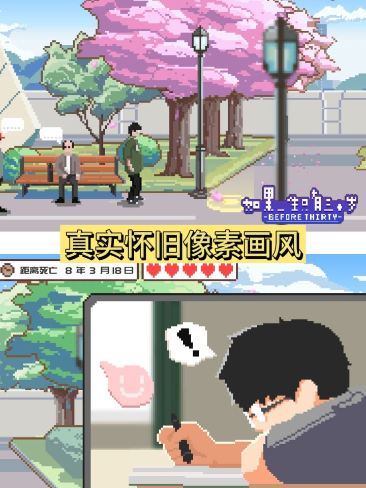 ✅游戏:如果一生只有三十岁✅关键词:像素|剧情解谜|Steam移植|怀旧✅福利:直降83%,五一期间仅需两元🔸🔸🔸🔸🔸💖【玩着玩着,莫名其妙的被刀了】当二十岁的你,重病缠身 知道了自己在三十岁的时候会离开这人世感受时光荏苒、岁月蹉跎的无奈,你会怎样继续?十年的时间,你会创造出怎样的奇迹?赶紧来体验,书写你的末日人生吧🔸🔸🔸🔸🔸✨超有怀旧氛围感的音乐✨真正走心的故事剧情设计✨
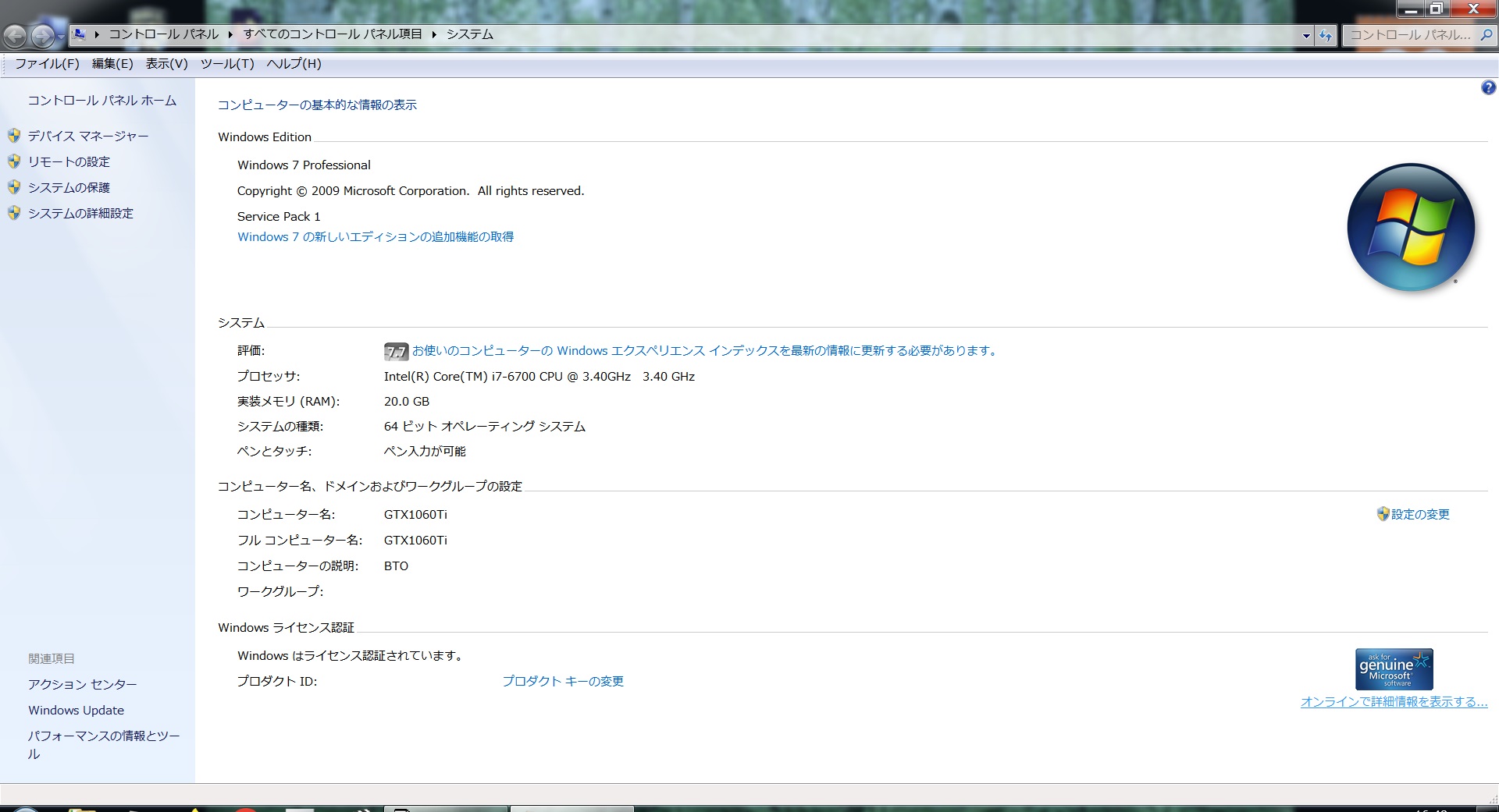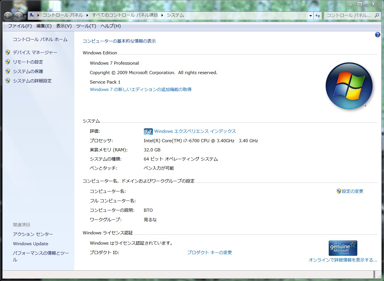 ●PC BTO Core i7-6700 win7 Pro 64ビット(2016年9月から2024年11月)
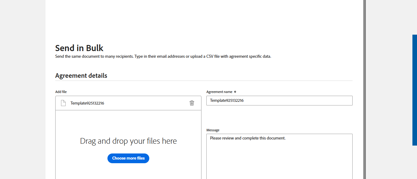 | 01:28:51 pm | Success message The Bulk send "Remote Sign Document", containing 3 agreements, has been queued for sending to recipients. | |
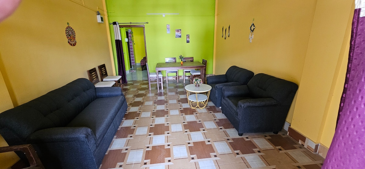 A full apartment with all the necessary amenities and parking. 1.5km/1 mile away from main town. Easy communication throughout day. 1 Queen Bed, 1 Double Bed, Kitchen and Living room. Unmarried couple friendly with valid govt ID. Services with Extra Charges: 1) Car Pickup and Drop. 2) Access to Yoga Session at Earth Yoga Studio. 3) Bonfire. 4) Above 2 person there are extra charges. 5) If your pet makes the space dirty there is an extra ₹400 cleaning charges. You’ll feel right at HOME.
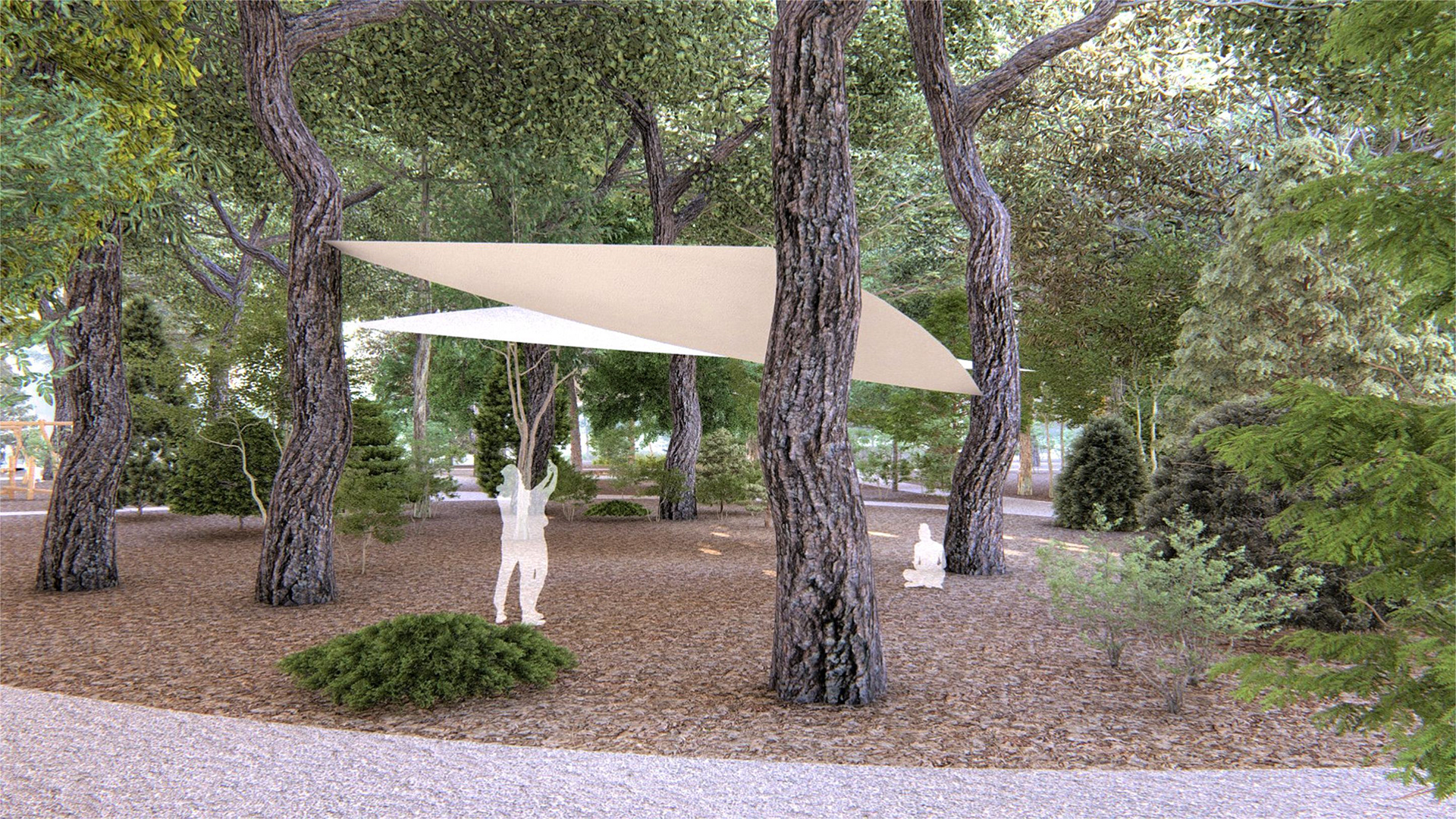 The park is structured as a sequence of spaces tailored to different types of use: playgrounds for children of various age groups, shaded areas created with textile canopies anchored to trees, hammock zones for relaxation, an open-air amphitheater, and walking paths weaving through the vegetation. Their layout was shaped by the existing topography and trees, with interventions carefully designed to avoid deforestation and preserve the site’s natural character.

◆ ◆ ◆ ◆ ◆ ◆ ◆

Requirement: Retype the data above exactly; pictures are not part of the copy.

Expected answer:
 ✅游戏:如果一生只有三十岁✅关键词:像素|剧情解谜|Steam移植|怀旧✅福利:直降83%,五一期间仅需两元🔸🔸🔸🔸🔸💖【玩着玩着,莫名其妙的被刀了】当二十岁的你,重病缠身 知道了自己在三十岁的时候会离开这人世感受时光荏苒、岁月蹉跎的无奈,你会怎样继续?十年的时间,你会创造出怎样的奇迹?赶紧来体验,书写你的末日人生吧🔸🔸🔸🔸🔸✨超有怀旧氛围感的音乐✨真正走心的故事剧情设计✨
 ●PC BTO Core i7-6700 win7 Pro 64ビット(2016年9月から2024年11月)
 | 01:28:51 pm | Success message The Bulk send "Remote Sign Document", containing 3 agreements, has been queued for sending to recipients. | |
 A full apartment with all the necessary amenities and parking. 1.5km/1 mile away from main town. Easy communication throughout day. 1 Queen Bed, 1 Double Bed, Kitchen and Living room. Unmarried couple friendly with valid govt ID. Services with Extra Charges: 1) Car Pickup and Drop. 2) Access to Yoga Session at Earth Yoga Studio. 3) Bonfire. 4) Above 2 person there are extra charges. 5) If your pet makes the space dirty there is an extra ₹400 cleaning charges. You’ll feel right at HOME.
 The park is structured as a sequence of spaces tailored to different types of use: playgrounds for children of various age groups, shaded areas created with textile canopies anchored to trees, hammock zones for relaxation, an open-air amphitheater, and walking paths weaving through the vegetation. Their layout was shaped by the existing topography and trees, with interventions carefully designed to avoid deforestation and preserve the site’s natural character.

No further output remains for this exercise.